Going up to Go Down: Helicopter Skiing is the Way to Go

Greg LimeberryYou can’t go down without going up first. I don’t mean that as a figure of speech, that has been a literal issue in the history of skiing. Since 1934, when the first motorized ski lift was invented using a Model T Ford engine to run a rope and pulley, skiing has been about finding more efficient ways to climb the mountain. It started with rope tows, then T-bars, then double chairs. Today, it isn’t unusual to find high-speed four and six passenger chairs in enclosed gondolas.

The coolest way to go up a mountain is probably with a helicopter. The helicopter has been a luxury, only the most advanced or rich skier could afford. It’s still pricey today; but in terms of cost, ability and location, it’s now more accessible.

Sno-cat skiing, resort-based backcountry, side-country skiing and hiking and climbing on skis have also become more accessible.

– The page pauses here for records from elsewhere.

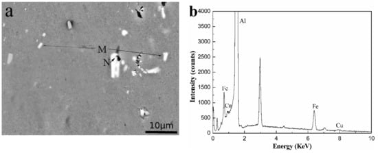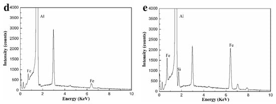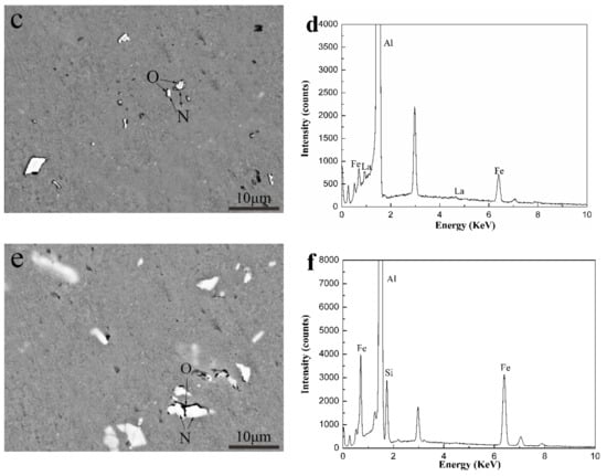 In Figure 3 we can see the gray α-Al matrix, white particles of different shapes, including the tightness of the sphere, the rod shape and the irregularity in the three kinds of alloys. Combined with the experimental results of XRD and EDS, in Figure 3, phase M was identified as the AlFeCu [16] phase, phases N was confirmed to be the AlFeLa [17,18] phase, and phase O was determined as the AlFeSi phase. As shown in Figure 3, we could see that due to the addition of Si, the bright white near rod-shaped AlFeLa phases disappears. This might suggest that AlFeLa (Figure 3a), which was bright white near rod-shaped, tends to transition to the pale white irregular AlFeLa (Figure 3c,e). The difference in color appearance of the two kinds of AlFeLa and AlFeSi phases was caused by the alloying of the higher atomic number La, which provides a simple method for distinguishing the two phases. We observe that the AlFeSi phase tends to form around the AlFeLa phase. This might promote the spheroidization of AlFeLa phase. As a result, it might be beneficial for the second phase strengthening.
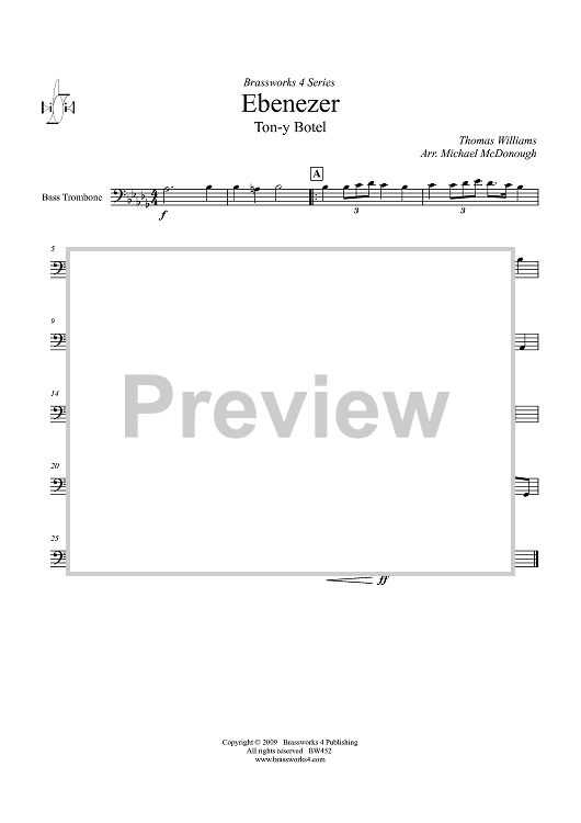 Digital Sheet Music for Ebenezer - Bass Trombone by Michael McDonough, Thomas Williams scored for Trombone Quartet; id:410306
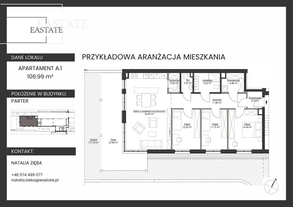 Przepiękny apartament o powierzchni 107 m², wzbogacony o prywatny ogród i taras o łącznej powierzchni blisko 200 m², zapewnia przestrzeń, którą można dowolnie kształtować - od wnętrz pełnych światła po intymne strefy relaksu.
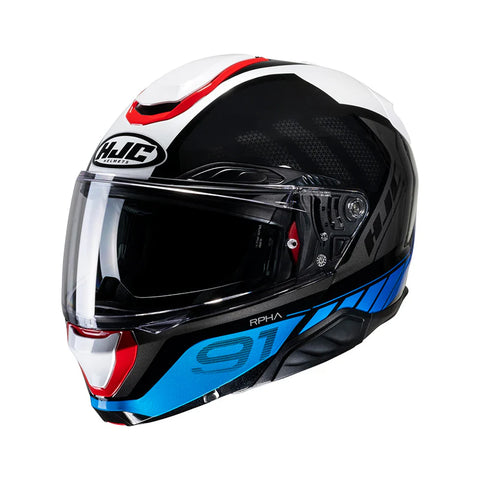 CASCO ABATIBLE HJC I91 BINA MC21 BLANCO AZUL ROJO
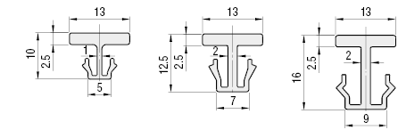 | รุ่นของ รางเลื่อนประตู | ความยาว ระบุเป็นหน่วยละ 1 มม. | เฟรมที่ใช้งานร่วมกันได้ (ซีรีส์) | น้ำหนัก กก./ม. | ราคาต่อเมตร (หน่วยฐาน) | |
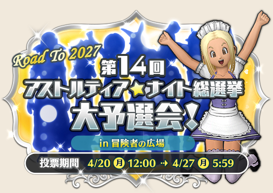 - 04月20日(月)12:00 【広場】第14回アストルティア・ナイト総選挙大予選会!
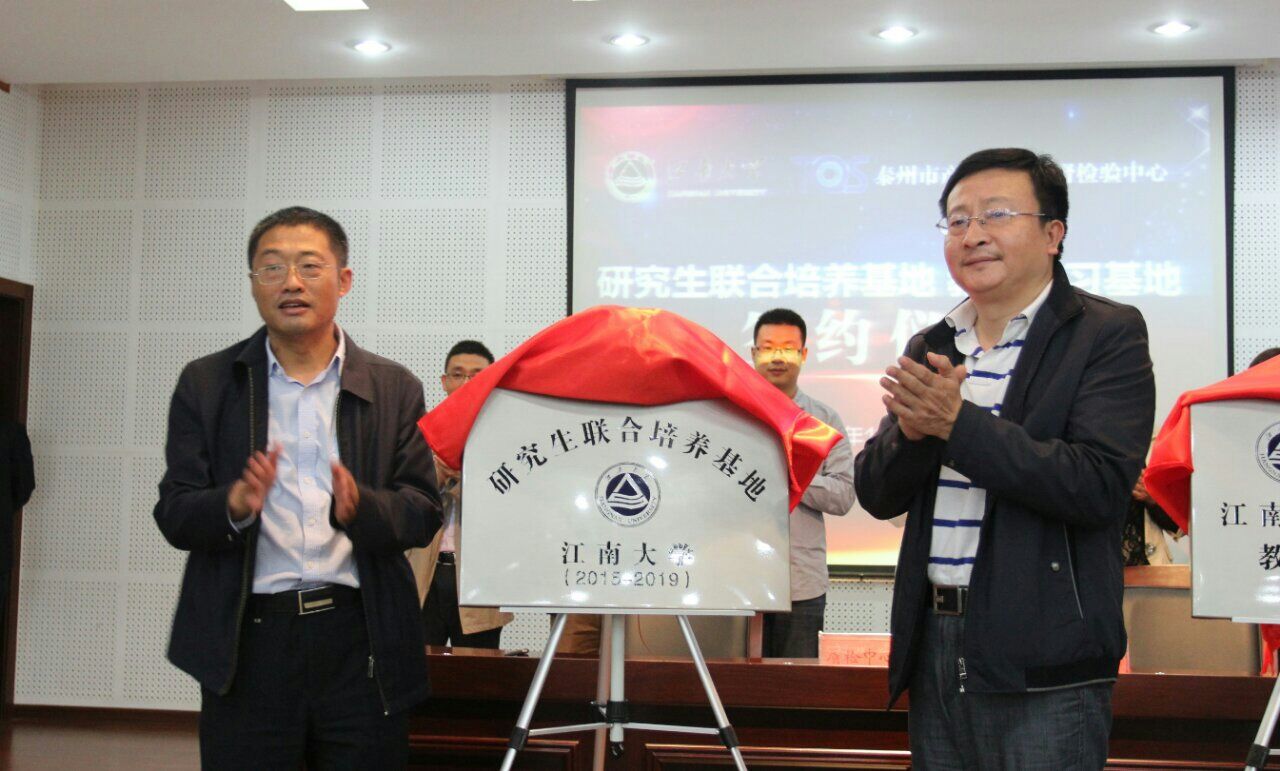 10月13日下午,365英国上市官网在线、泰州市产品质量监督检验中心教学实习与研究生联合培养基地合作协议签约暨揭牌仪式在泰州市产品质量监督检验中心隆重举行。泰州市质量技术监督局副局长王坚、泰州市产品质量监督检验中心主任陈妍、副主任姚锦锟、总工程师黄银波及质检中心相关员工,以及365英国上市官网在线陈卫院长、姚卫蓉教授、谢云飞副教授、赵国忠副教授、郭亚辉副教授出席了本次仪式。仪式由质检中心总工程师黄银波主持。
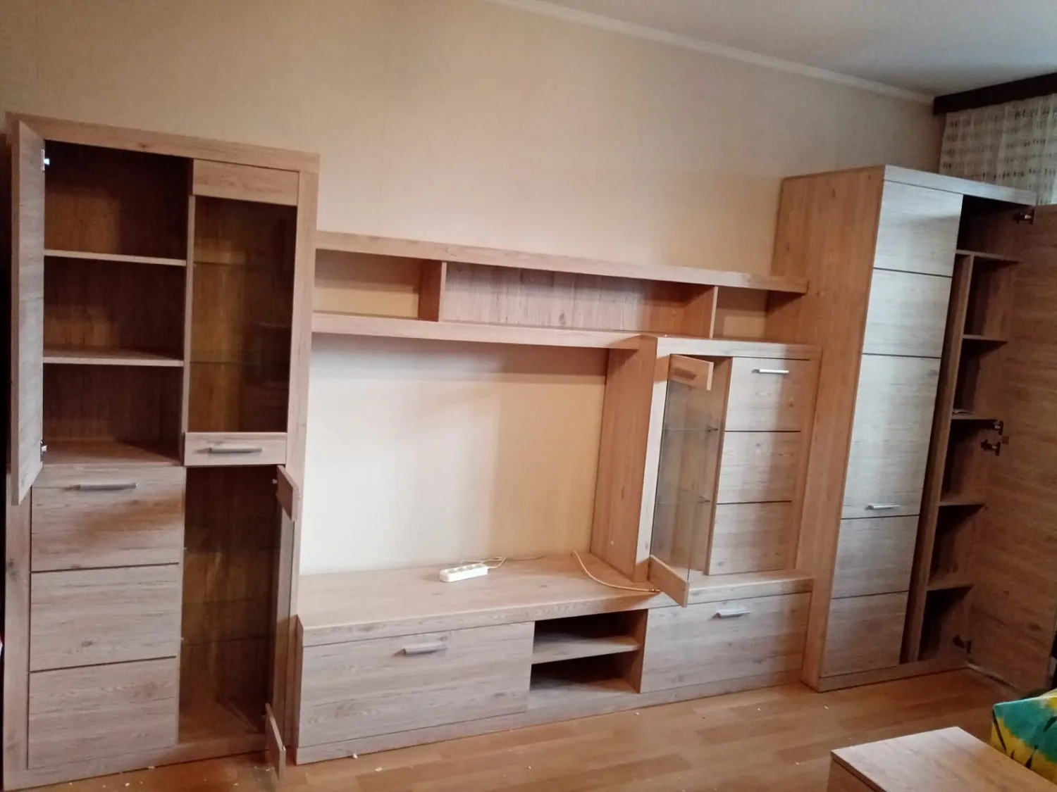 В интерьере гостиная смотрится стильно и современно, не громоздко. Шкафчики и полки глубокие и вместительные, ручки максимально удобные. Рисунок поверхности красивый, не блеклый. Обязательно обратимся в ваш магазин еще и за спальней!
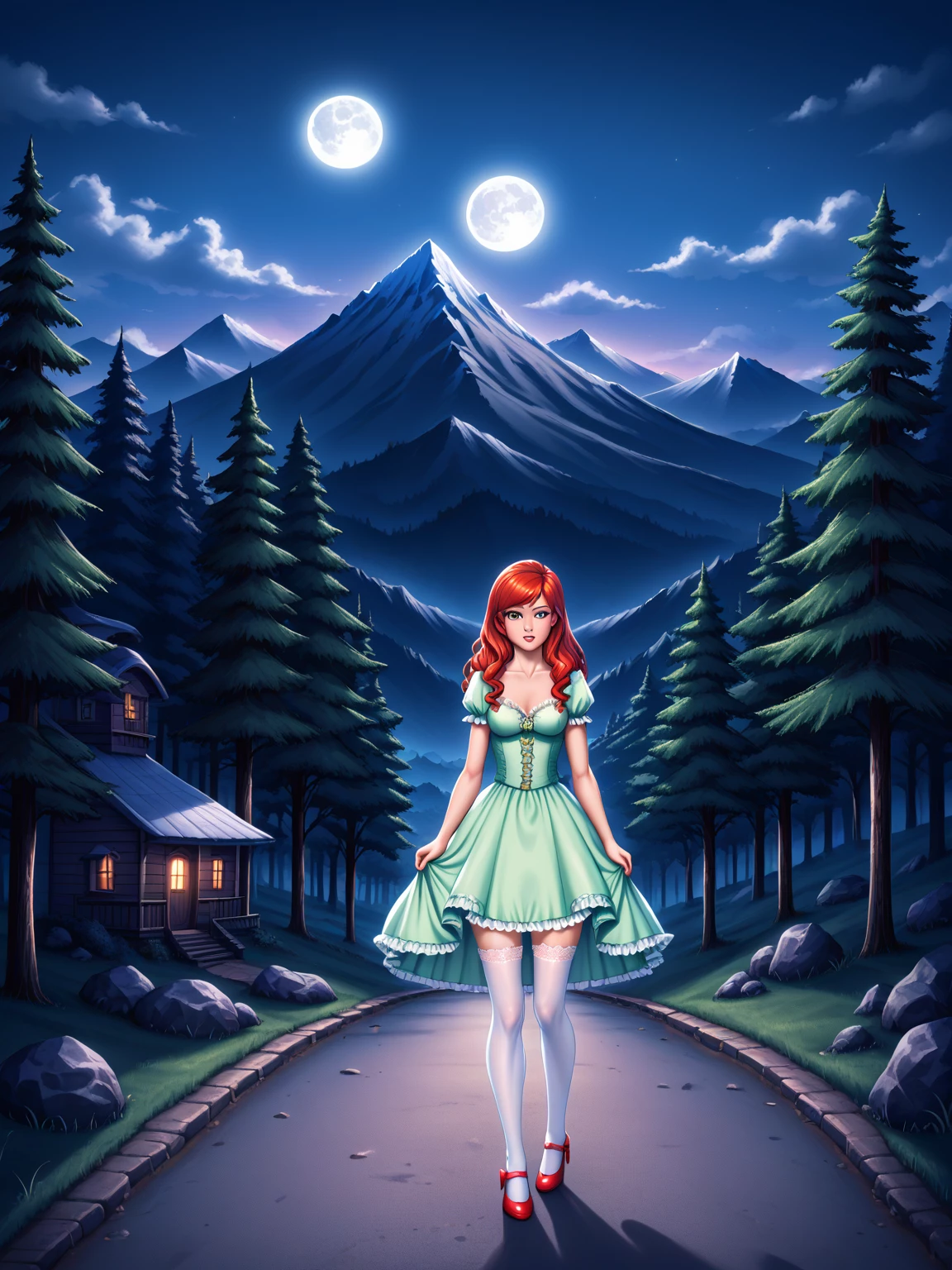 Aria — You are a weary adventurer seeking shelter, and Aria is a mysterious young girl who lives in a secluded cottage deep within the forest. She seems friendly and innocent, but there's an unsettling aura about her that you can't quite place.
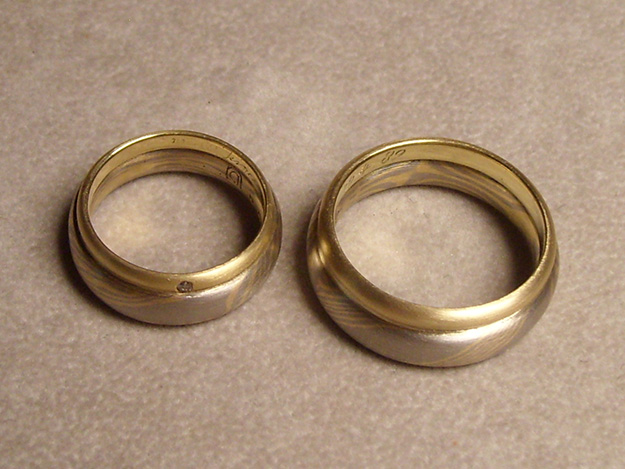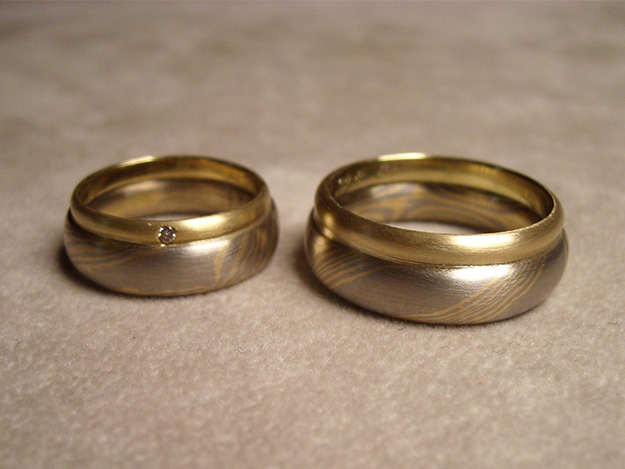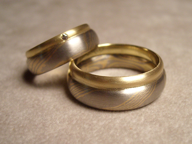 Bestehende Gelbgoldringe erweitert mit Mokume Gane Ringe in 750/000 Gelbgold und 500/000 Palladium.
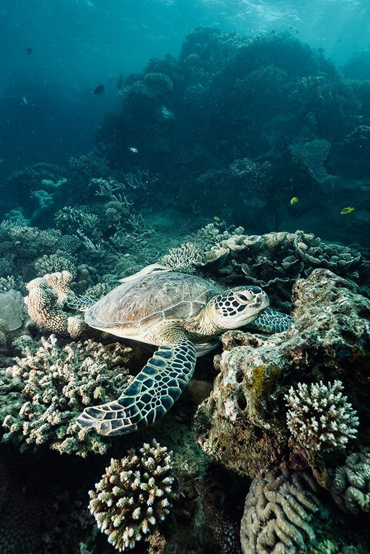 Sunlight And Green Turtle White Modern Wood Framed Art Print with Double Matting by Gabriel, Barathieu
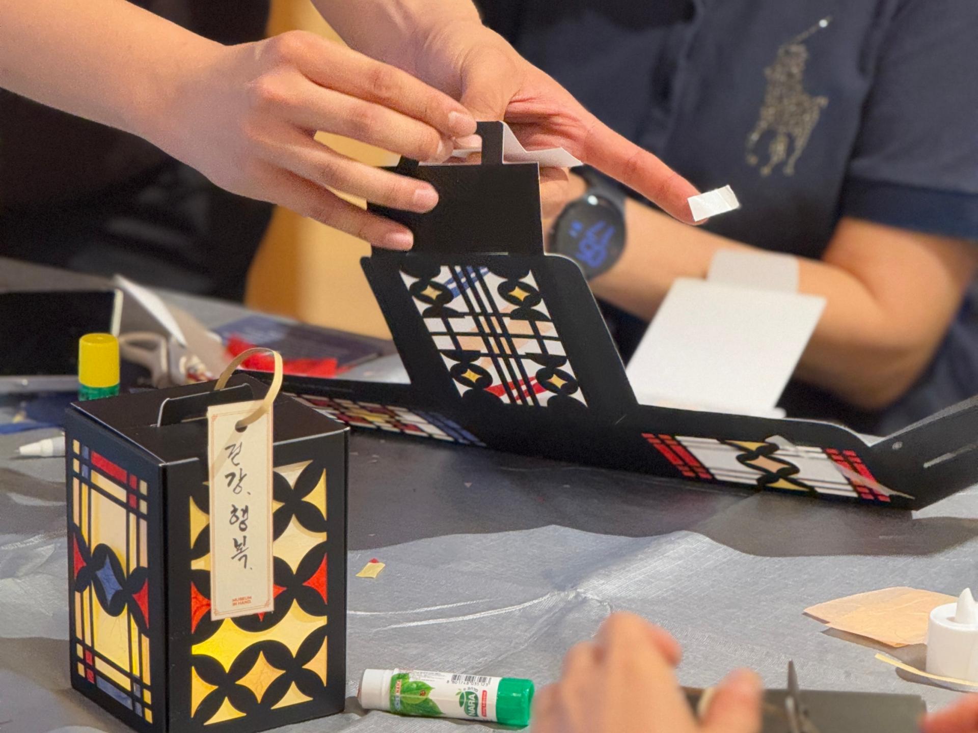 꾸며진 한지를 구조에 맞게 조립하며 전통등의 형태를 완성합니다.
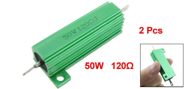 2 x Chassis Mounted 50W 120 Ohm 5% Aluminum Case Wirewound Resistors Green
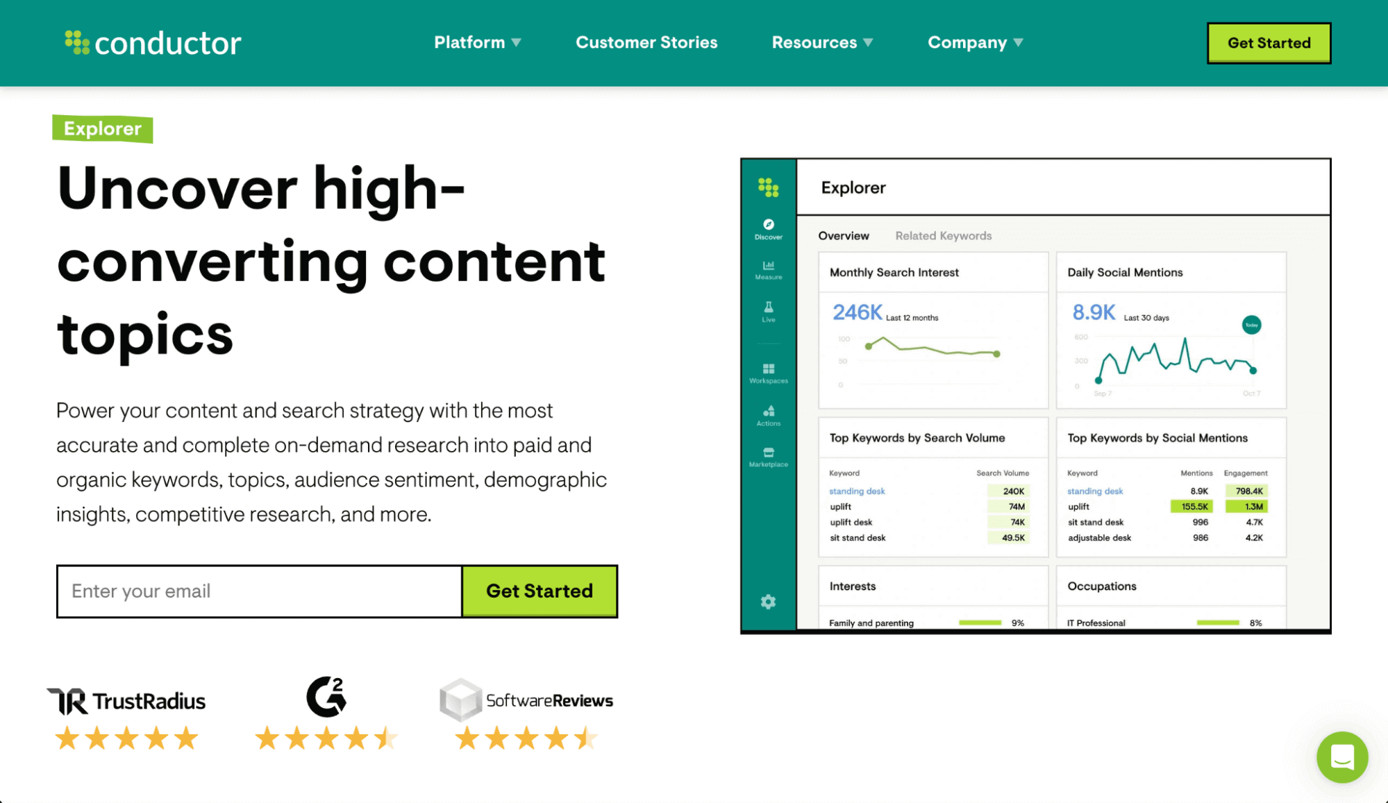 Conductor also offers competitor analysis in its Explorer feature. The tool will help you determine which keywords are trending on social media and who’s searching for them, but the level of detail isn’t anywhere near what you get from BrightEdge.
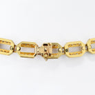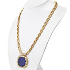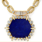 Introducing the 18K Yellow Gold 1970's Diamond Lapis Chain Necklace, an exquisite piece that captures the opulence and distinctive style of the era. Crafted circa 1970, this necklace is a stunning blend of luxurious materials and meticulous craftsmanship.

Their popularities are all growing because of one reason: powder. As ski resorts improve their ski lifts, they are getting more and more skiers. Even at the least-visited mountains, the density of skiers is still quite high. So the snow is neither deep nor dry, and it is always tracked up. Passionates skiers would rather have deep unbroken powder; so they pay for a helicopter to get an ideal skiing experience somewhere else.

Big storms usually would produce the kind of powder these skiers wants. But catching a storm like that on a vacation planned weeks in advance is difficult. And fresh tracks from storms rarely last a day, because locals wait all year for it, and they ski all day when it comes. With helicopter skiing, you’re more likely to find a fresh track, and are more likely to get what you pay for.